Early 19th Century Antisemitic canard

The Simonini letter is the earliest modern example of a document claiming a Jewish conspiracy and a Jewish coalition with the Illuminati.

== History ==
The Simonini letter was a document sent to French author Augustin Barruel in 1806. Barruel had recently published a book claiming that a conspiracy had led to the French Revolution in 1797, when he received the letter from an author identifying himself as Jean-Baptiste Simonini. The letter was dated August 1, 1806 and Barruel received it in Paris on August 20 of the same year.

The author, who claimed to be from Florence, Italy said he had infiltrated the Piedmont Jewish community by claiming to have been a baptized Jew who wanted to restore his connection with his ancestral "nation". The Jews, he said, revealed to him that both the Freemasons and the Illuminati were founded by them and that they were planning on taking over Europe. It is one of the earliest instances of the idea of a Judeo-Masonic conspiracy theory as well as conspiracy involving a cabal of Jews trying to take over the world.

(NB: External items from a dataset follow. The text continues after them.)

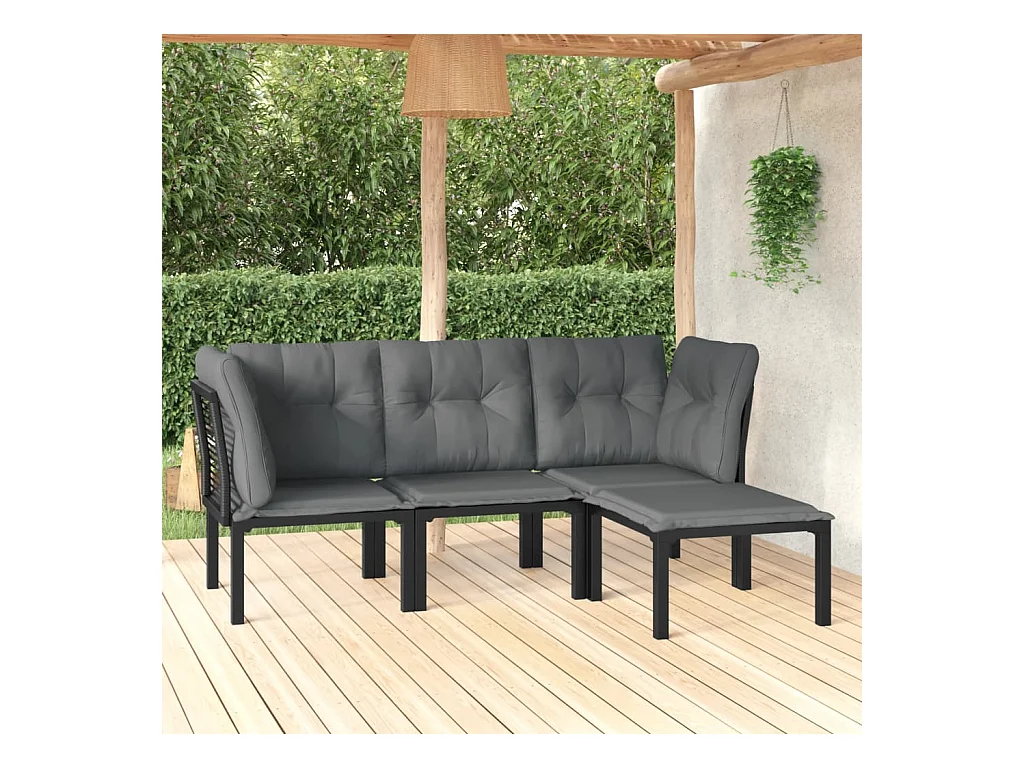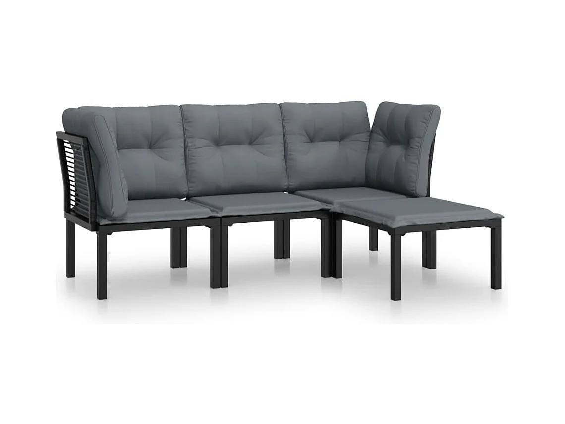 Set Divani da Giardino 4 pz con Cuscini Nero in Polyrattan
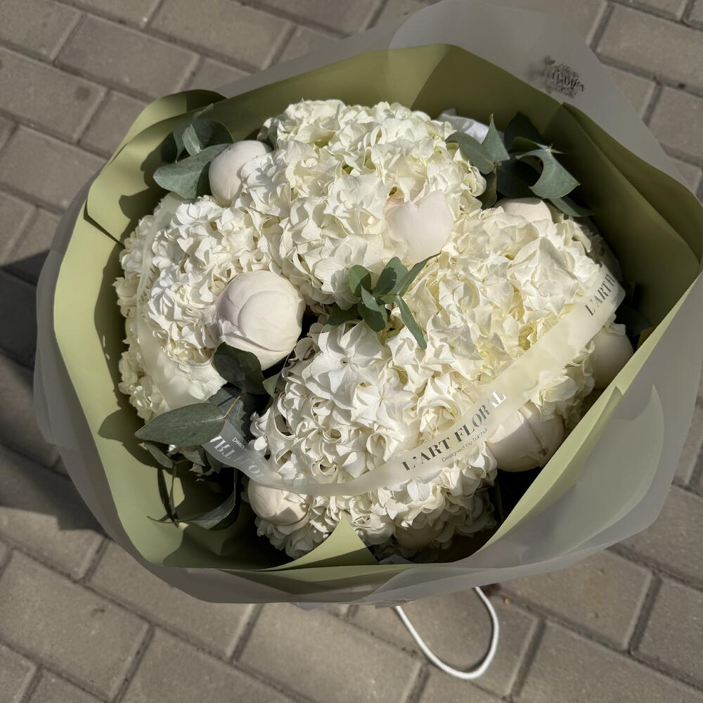 peonies - 9 pcs eucalyptus - 5 pcs hydrangea - 3 pcs
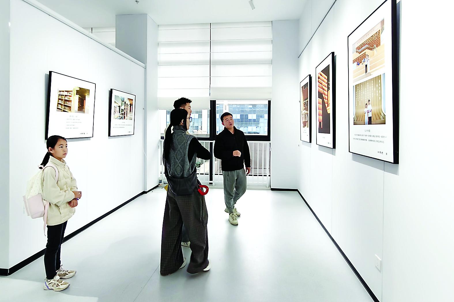“我和我先生都从事图书相关行业,因书结缘,因阅读而相知相爱。”在展出的作品《以书为盟》前,邹诚景望向展墙上的合影颇有感触,“领证当天,我们就来到了图书馆,在一楼服务台、少儿阅览室的旋转楼梯,以及二楼中庭都留下了纪念。”于他们而言,书不仅是事业,更是情感的见证和精神的栖息。
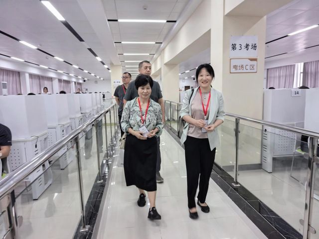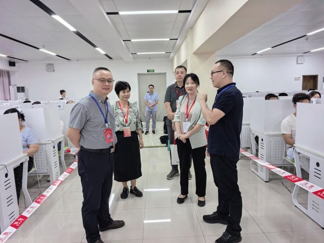 巡考组一行首先深入我校数字化考试基地,实地察看了机考考场的硬件设施、网络环境、安防系统及考务组织情况,仔细询问了考生登录、试题分发、答题提交等考试流程,现场观摩了考生机考操作,并与工作人员就考试系统稳定性、应急处置预案等进行了交流。
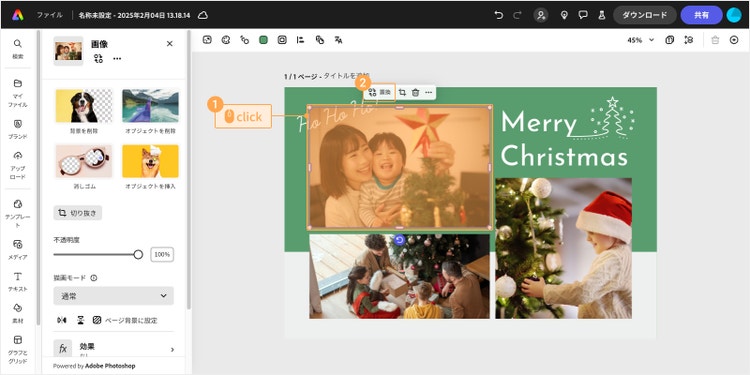 まずはテキストから編集してみましょう。今回はこちらのテンプレートをアレンジして、クリスマスカードを作成していきます。
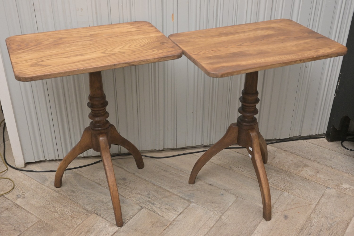 A PAIR OF GEORGIAN STYLE OAK TRIPOD TABLES (70H X 58W X 40D CM) (LEONARD JOEL DELIVERY SIZE: X-LARGE)
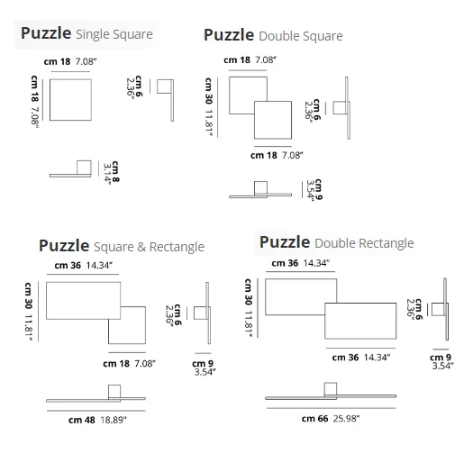 Четкие геометрические линии сливаются со стенами или потолком, освещая их мягким и уютным светом. Светильники-пазлы выполнены в различных вариантах: одинарный и двойной квадрат, прямоугольник и квадрат. Игра продолжается благодаря возможности размещать пазл в любом удобном месте в зависимости от имеющегося пространства и создавать индивидуальные световые эффекты. Основные формы светильников-головоломок идеально подходят для помещений, выдержанных в ярко выраженном современном стиле, создавая гармоничное и успокаивающее фоновое освещение.

Barruel was unable to establish contact with Simonini. He chose not to publicize the letter, fearing it might incite violence against the Jews, but did circulate it among influential circles in France. Nothing more was heard of the letter until Barruel was on his deathbed in 1820 and summoned a Father Grivel. He confessed to the priest that he had written a new manuscript incorporating the Jews into his Masonic conspiracy theory. This conspiracy began with Mani and included the medieval Knights Templar. The current leadership of this conspiracy was a council of 21, 9 of whom were Jews. However, he burned this manuscript two days before his death.

== Legacy ==

The letter was first published in 1878, in the magazine Le Contemporain. It was subsequently picked up by authors advancing antisemitic conspiracy theories. Its contents are believed to have inspired parts of the Protocols of the Elders of Zion which itself advanced a theory of a secret Jewish conspiracy for world domination.